The Lie Derivative for Measuring Learned Equivariance

TL;DR

This paper introduces the Lie derivative as a rigorous method to measure equivariance in neural networks, revealing that larger, more accurate models tend to be more equivariant regardless of architecture.

Contribution

It presents a novel, mathematically grounded approach to quantify equivariance in diverse models, enabling large-scale analysis of their symmetry properties.

Findings

Many equivariance violations are due to spatial aliasing in network layers.

Larger and more accurate models tend to exhibit greater equivariance.

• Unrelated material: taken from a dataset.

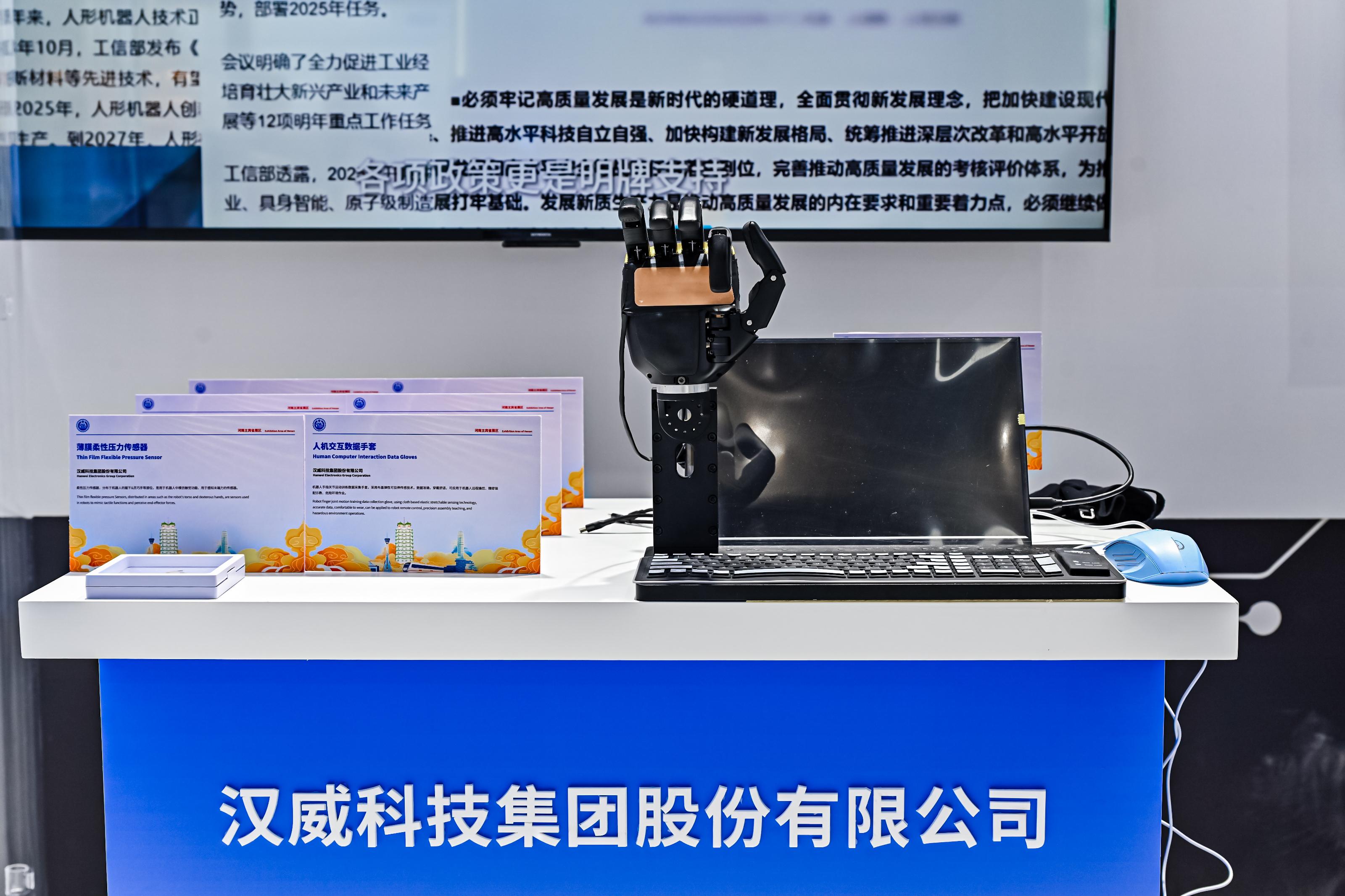 在汉威科技展区,一系列传感器核心产品吸引了许多观众驻足。薄膜柔性压力传感器、指尖多维力触觉传感器、接近—触觉电子皮肤、高密度压力阵列等展品,直观呈现了传感器的前沿应用。

Transformers can surpass CNNs in equivariance after training.

Abstract

Equivariance guarantees that a model's predictions capture key symmetries in data. When an image is translated or rotated, an equivariant model's representation of that image will translate or rotate accordingly. The success of convolutional neural networks has historically been tied to translation equivariance directly encoded in their architecture. The rising success of vision transformers, which have no explicit architectural bias towards equivariance, challenges this narrative and suggests that augmentations and training data might also play a significant role in their performance. In order to better understand the role of equivariance in recent vision models, we introduce the Lie derivative, a method for measuring equivariance with strong mathematical foundations and minimal hyperparameters. Using the Lie derivative, we study the equivariance properties of hundreds of pretrained models, spanning CNNs, transformers, and Mixer architectures. The scale of our analysis allows us to separate the impact of architecture from other factors like model size or training method. Surprisingly, we find that many violations of equivariance can be linked to spatial aliasing in ubiquitous network layers, such as pointwise non-linearities, and that as models get larger and more accurate they tend to display more equivariance, regardless of architecture. For example, transformers can be more equivariant than convolutional neural networks after training.